Simply Wall St ·  May 11 10:41

With its stock down 12% over the past three months, it is easy to disregard F&G Annuities & Life (NYSE:FG). However, stock prices are usually driven by a company's financials over the long term, which in this case look pretty respectable. Particularly, we will be paying attention to F&G Annuities & Life's ROE today.

ROE or return on equity is a useful tool to assess how effectively a company can generate returns on the investment it received from its shareholders. In short, ROE shows the profit each dollar generates with respect to its shareholder investments.

How To Calculate Return On Equity?

The formula for return on equity is:

Return on Equity = Net Profit (from continuing operations) ÷ Shareholders' Equity

So, based on the above formula, the ROE for F&G Annuities & Life is:

6.9% = US$253m ÷ US$3.7b (Based on the trailing twelve months to March 2024).

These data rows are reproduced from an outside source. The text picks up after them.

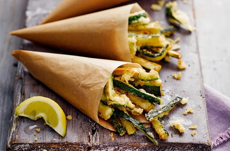 Работая партиями, используйте шумовку, чтобы окунуть несколько цуккини в тесто, стряхните излишки, а затем осторожно опустите в горячее масло. Жарьте в течение 2 минут, переворачивая, пока они не станут слегка золотистыми и хрустящими. Выньте шумовкой.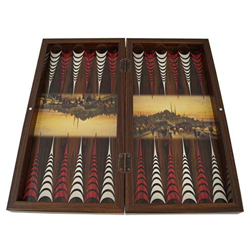 LAVORO A MANO: La scatola di legno incernierata con il campo da gioco del backgammon è creata in molti passaggi di produzione individuali da un attento lavoro manuale. Dopo aver applicato il disegno sul pannello di legno, viene applicato un rivestimento protettivo triplo della superficie. Successivamente, vengono applicati 3 strati di vernice poliuretanica lucida per creare lo speciale effetto lucido. Un grande sforzo, ma ne vale la pena come si può vedere sul prodotto finale.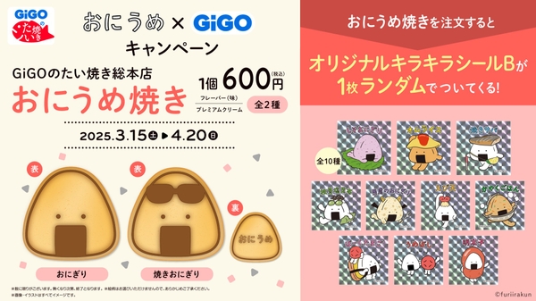 株式会社GENDA GiGO Entertainment(本社:東京都港区 代表取締役社長:二宮 一浩 以下「当社」)は2025年3月15日(土)より、SNSで大人気のキャラクター「おにうめ」の限定景品やコラボたい焼きを展開いたします。また景品の展開に合わせて対象のクレーンゲームに500円を投入すると、キラキラシールがもらえるキャンペーンも開催いたします。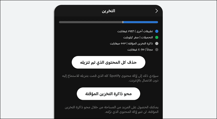 لذلك، يُفضل من حين لآخر التخلص من هذه البيانات المؤقتة وتفريغ ذاكرة الكاش لتوفير مساحة، وهذا الأمر لا يتطلب حذف وإعادة تثبيت التطبيق كما هو الحال مع وغيره، بل يمكن تفريغ الذاكرة من التطبيق نفسه. فمثلًا في تطبيق “سبوتيفاي” بعد تشغيله اذهب إلى قائمة الخيارات ثم إلى “الإعدادات” وحدد “التخزين” لتجد زر “نحو ذاكرة التخزين المؤقتة” فأضغط عليه. وفي تطبيق “تيليجرام” بعد تشغيله اذهب إلى علامة تبويب “إعدادات” ثم انتقل إلى قسم “التخزين والبيانات” واضغط على “استخدام التخزين” وعند التمرير إلى أسفل ستظهر أمامك المساحة المشغولة من قبل الذاكرة المؤقتة. لتحرير هذه المساحة، اضغط على “مسح ذاكرة تيليجرام المؤقتة” وسيتم حذف البيانات المؤقتة فورًا.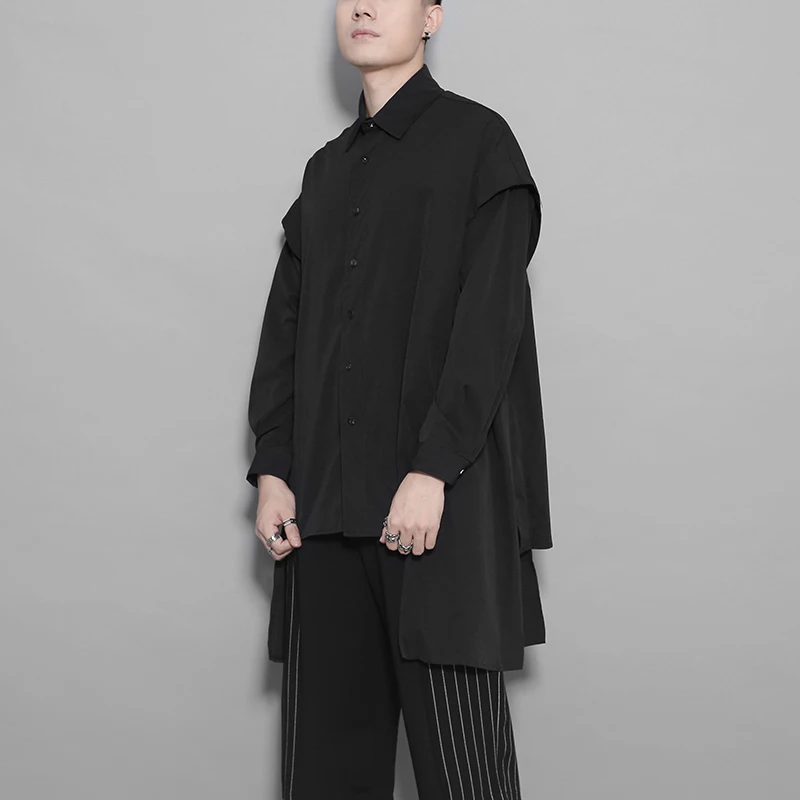 "Men's Short Front And Long Back Stitching Long Sleeve Shirt Autumn Solid Color Solid Cut Stitching Loose Shirt" * Buy Now Just For 42$

The 'return' is the amount earned after tax over the last twelve months. One way to conceptualize this is that for each $1 of shareholders' capital it has, the company made $0.07 in profit.

What Is The Relationship Between ROE And Earnings Growth?

Thus far, we have learned that ROE measures how efficiently a company is generating its profits. Depending on how much of these profits the company reinvests or "retains", and how effectively it does so, we are then able to assess a company's earnings growth potential. Assuming everything else remains unchanged, the higher the ROE and profit retention, the higher the growth rate of a company compared to companies that don't necessarily bear these characteristics.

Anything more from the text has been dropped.